Poster
in
Workshop: 2nd AI for Math Workshop @ ICML 2025
README: Rapid Equation Discovery with Multimodal Encoders
Gregory Kang Ruey Lau · Yue Kang · Zi-Yu Khoo · Apivich Hemachandra · Ruth Wan Theng Chew · Bryan Kian Hsiang Low
Discovering scientific laws or interpretable symbolic equations from data rapidly is important in many setting, such as decision-making in time-sensitive high-stake scenarios or applications involving interactive or iterative experimentation such as in scientific or machine learning workflows. However, existing methods, generally known as symbolic regression (SR), typically require long computational time to achieve good performance and have to run from scratch for each dataset. Recent methods that use pre-training SR foundation models for faster inference also suffer from performance limitations and require large training datasets.
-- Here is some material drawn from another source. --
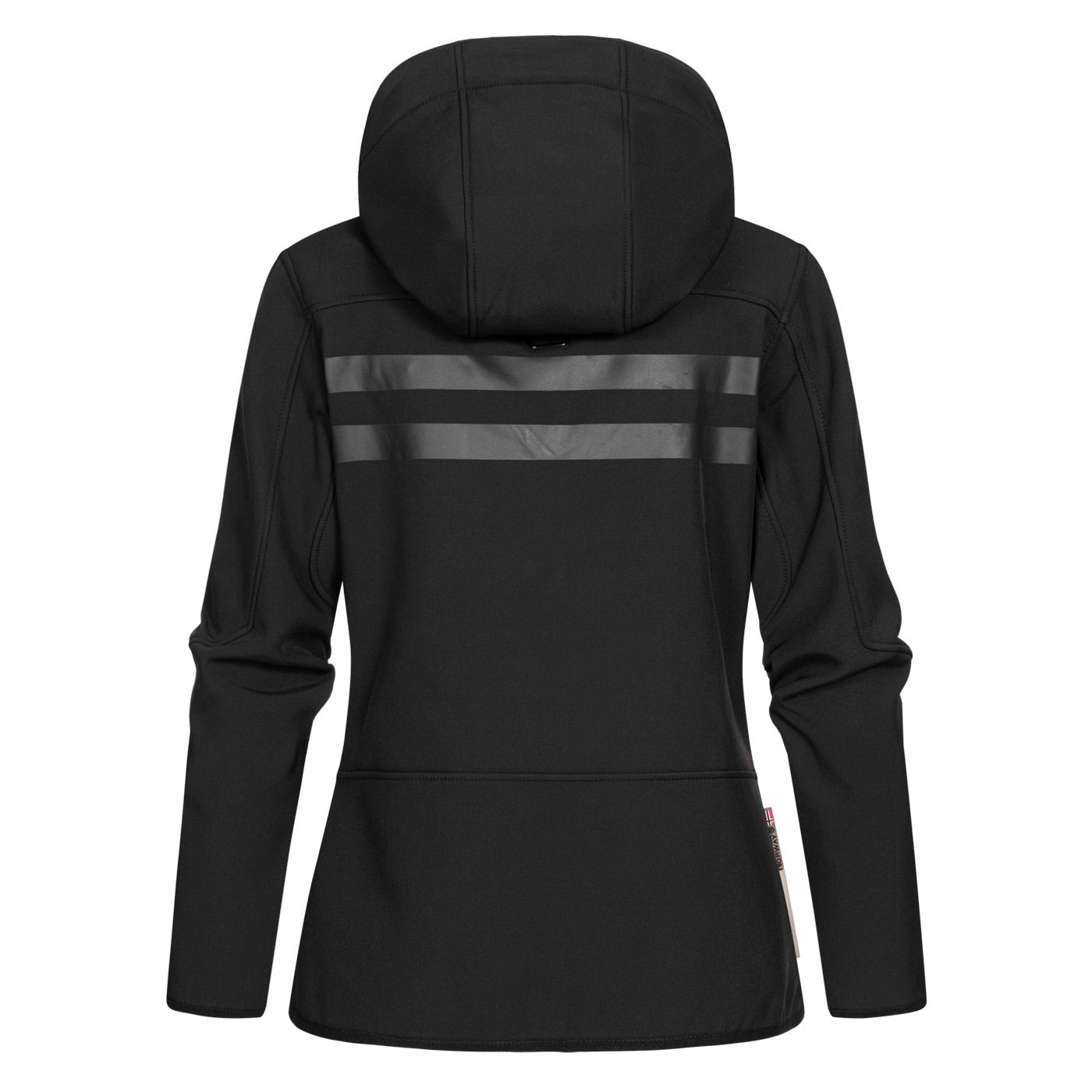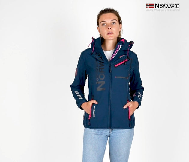 Discover the "Reine" softshell from Geographical Norway, specially designed for women. This elegant, functional jacket features a detachable, adjustable hood, two front zip pockets, a diagonal chest pocket, several PVC badges and original prints. In addition, it features two high-density printed stripes on the back for modern style.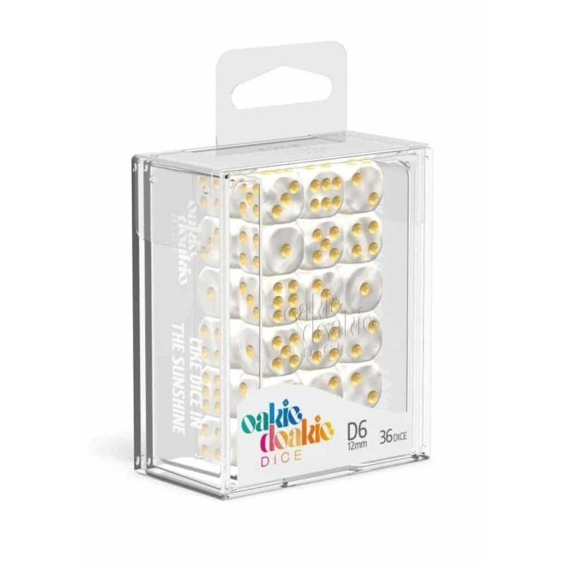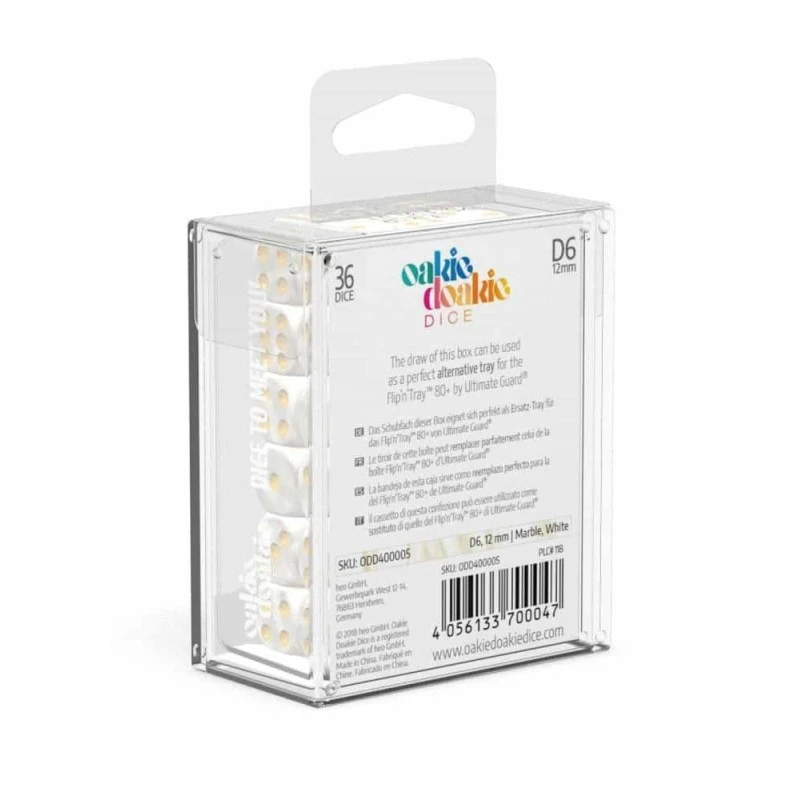 Les dés D6 sont disponibles en sets de 12 pièces (16 mm) ou 36 pièces (12 mm) et sont emballés dans une boîte rigide avec un tiroir amovible pour y accéder rapidement et jouer n’importe où.

In this work, we propose README, a framework for rapid equation discovery that can generate performant, interpretable equations from limited, noisy data in just a few seconds, and requires significantly less training data compared to past SR foundation model approaches. We achieve this by being the first to (1) work with image representations of datasets to efficiently capture their key properties, (2) combine the capabilities of open-sourced pre-trained text and image encoders to produce an informative SR embedding space, and (3) develop a novel Grey Wolf Optimizer with Bayesian Optimization (GWOBO) algorithm to rapidly optimize for the best symbolic expression within seconds. We empirically show that README outperforms benchmarks on a wide range of realistic datasets, including real experimental data from various domains and noisy video-extracted dynamics.